INPUT FOR THIS TASK -

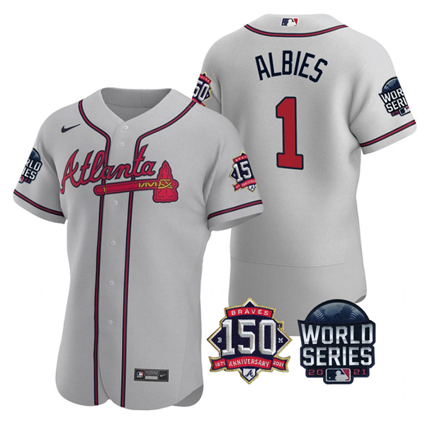 Men’s Atlanta Braves Ozzie Albies 2021 World Series Stitched Jersey Flex Base Gray
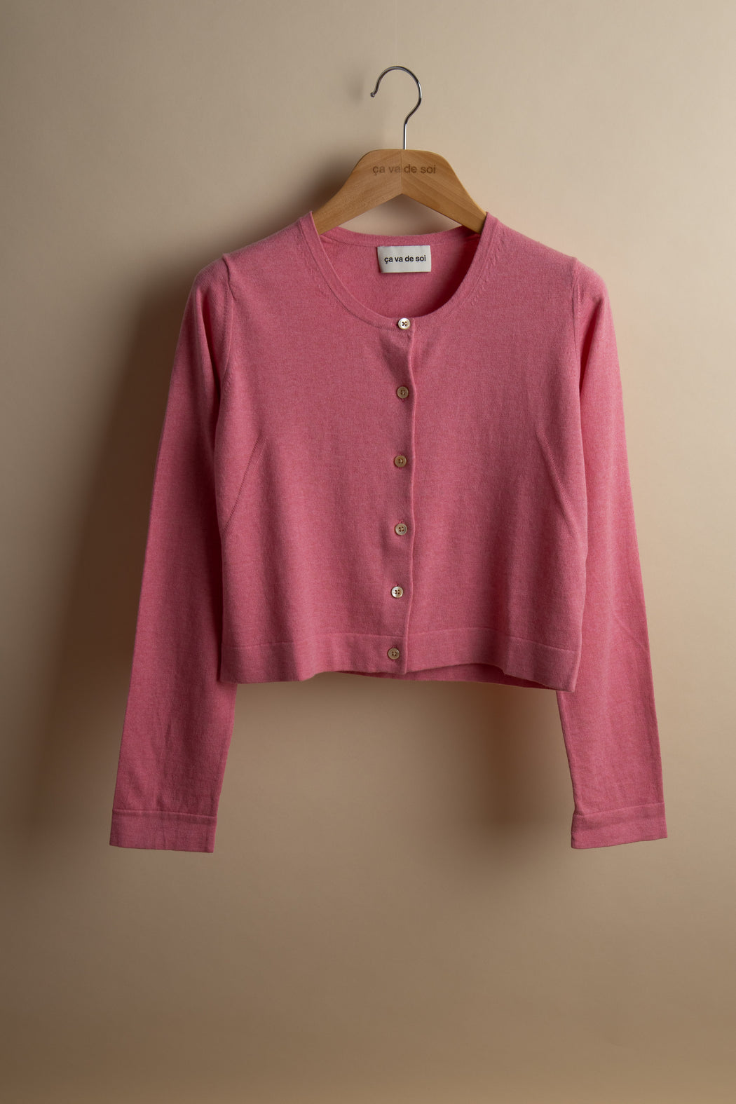 A cropped cardigan with a tubular-knitted trim at the neckline, cuffs, and hem, it drapes gracefully creating a refined look. Mother-of-pearl buttons and discreet darts at the bust are hallmarks of this icon of 1950s elegance. It pairs beautifully with a pencil skirt or high-waisted trousers, as a recall to Grace Kelly herself. Batignolles can be worn on its own or paired as a twin-set with ORSAY, our matching tank top. It also layers beautifully over a sleeveless dress like the COMETE.
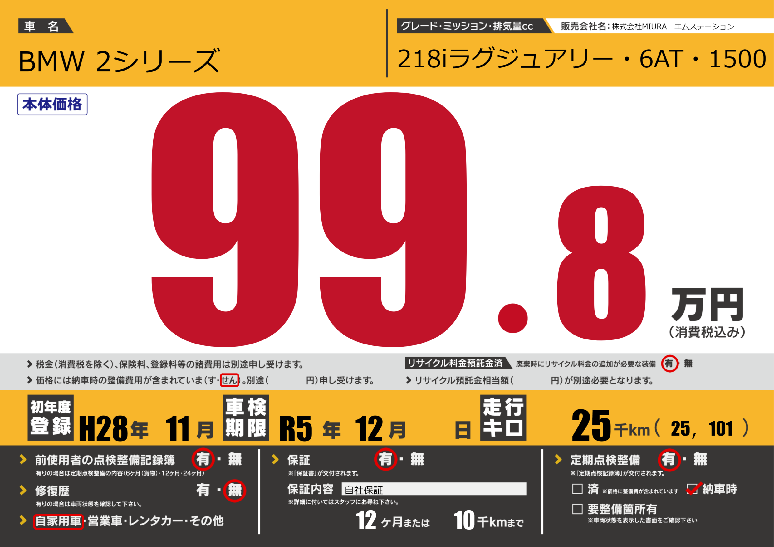 保証付き 保証内容(自社保証) 12ヶ月または10千km |
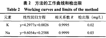 ICP-MS法測定水基膠中K、 Na含量采用在線加入內(nèi)標(biāo)的方法定量。將標(biāo)準(zhǔn)工作溶液配制成濃度分別為0.5、1、5、10、 20、50、 100mg/L 的工作溶液,表2顯示了K、Na各元素的線性回歸方程、相關(guān)系數(shù)和檢出限。
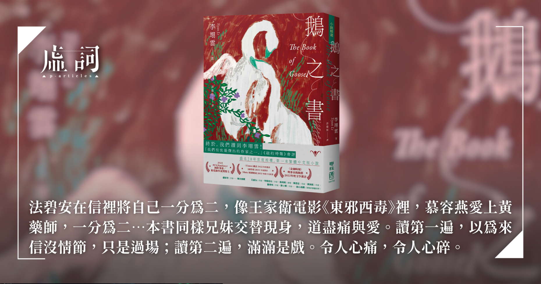 北京出生的旅美作家李翊雲《鵝之書》夷然寫道:「我試圖推開強尼,他不放開我,所以我將他的手移向克拉貝兒的乳房。我對他說,好了,這樣不是更棒嗎?」
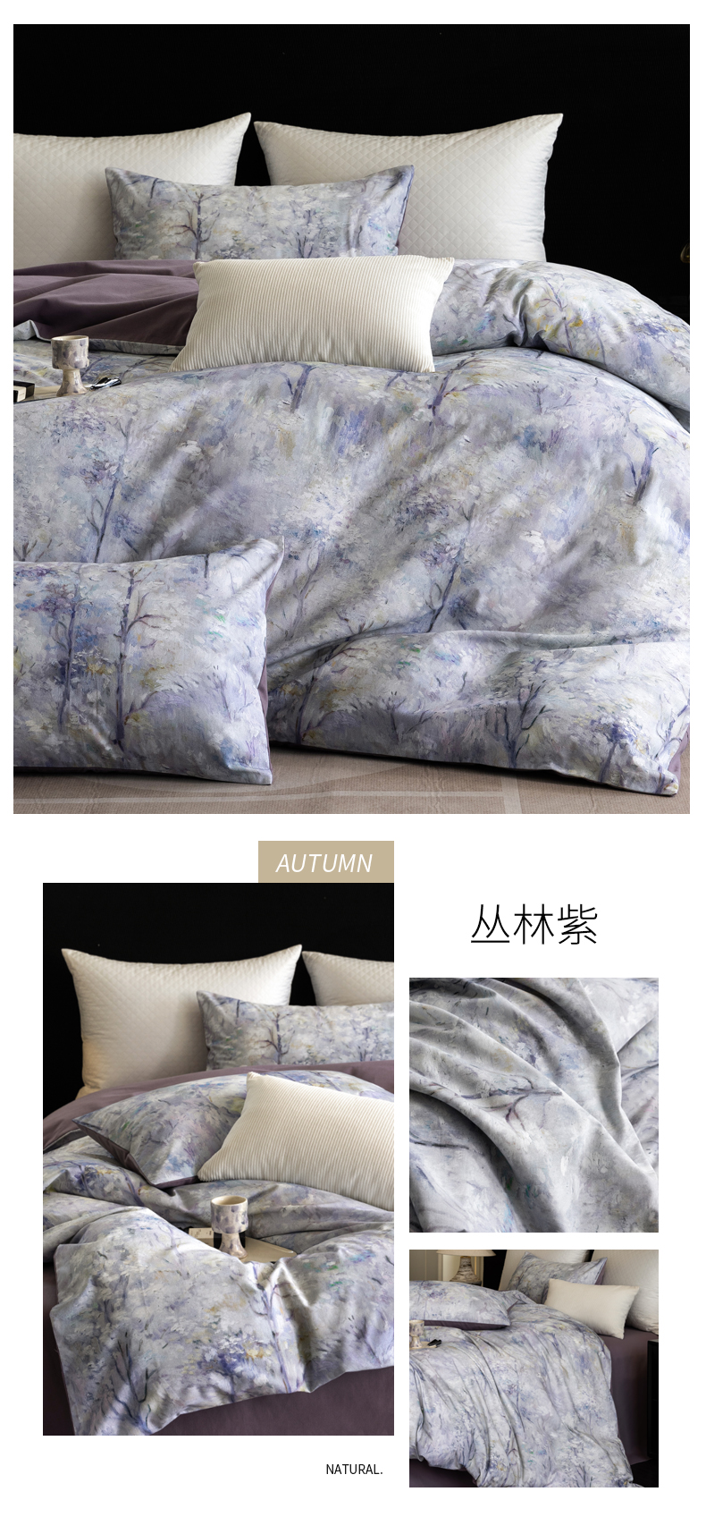 商品名称:立奥被业 2025新款全棉高密磨毛数码印花四件套(控价199)丛林紫
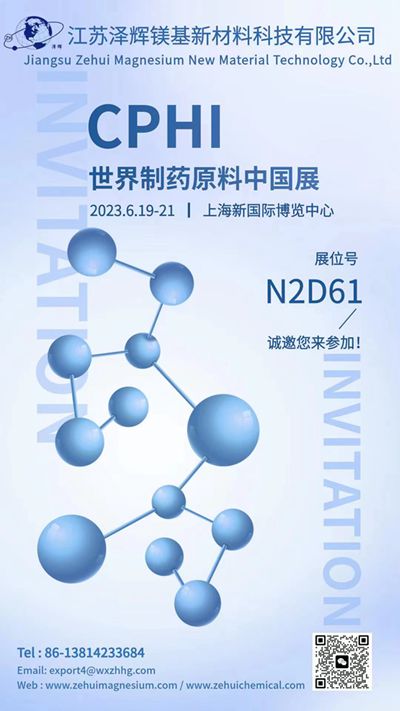2023年6月19~21日,江苏泽辉镁基与您相约世界制药原料中国展,期待您的光临,我们不见不散!

ACTIVITY - Without any pictures, transcribe the listing above exactly as written.

SOLUTION TO THIS TASK -
 Men’s Atlanta Braves Ozzie Albies 2021 World Series Stitched Jersey Flex Base Gray
 A cropped cardigan with a tubular-knitted trim at the neckline, cuffs, and hem, it drapes gracefully creating a refined look. Mother-of-pearl buttons and discreet darts at the bust are hallmarks of this icon of 1950s elegance. It pairs beautifully with a pencil skirt or high-waisted trousers, as a recall to Grace Kelly herself. Batignolles can be worn on its own or paired as a twin-set with ORSAY, our matching tank top. It also layers beautifully over a sleeveless dress like the COMETE.
 保証付き 保証内容(自社保証) 12ヶ月または10千km |
 ICP-MS法測定水基膠中K、 Na含量采用在線加入內(nèi)標(biāo)的方法定量。將標(biāo)準(zhǔn)工作溶液配制成濃度分別為0.5、1、5、10、 20、50、 100mg/L 的工作溶液,表2顯示了K、Na各元素的線性回歸方程、相關(guān)系數(shù)和檢出限。
 北京出生的旅美作家李翊雲《鵝之書》夷然寫道:「我試圖推開強尼,他不放開我,所以我將他的手移向克拉貝兒的乳房。我對他說,好了,這樣不是更棒嗎?」
 商品名称:立奥被业 2025新款全棉高密磨毛数码印花四件套(控价199)丛林紫
2023年6月19~21日,江苏泽辉镁基与您相约世界制药原料中国展,期待您的光临,我们不见不散!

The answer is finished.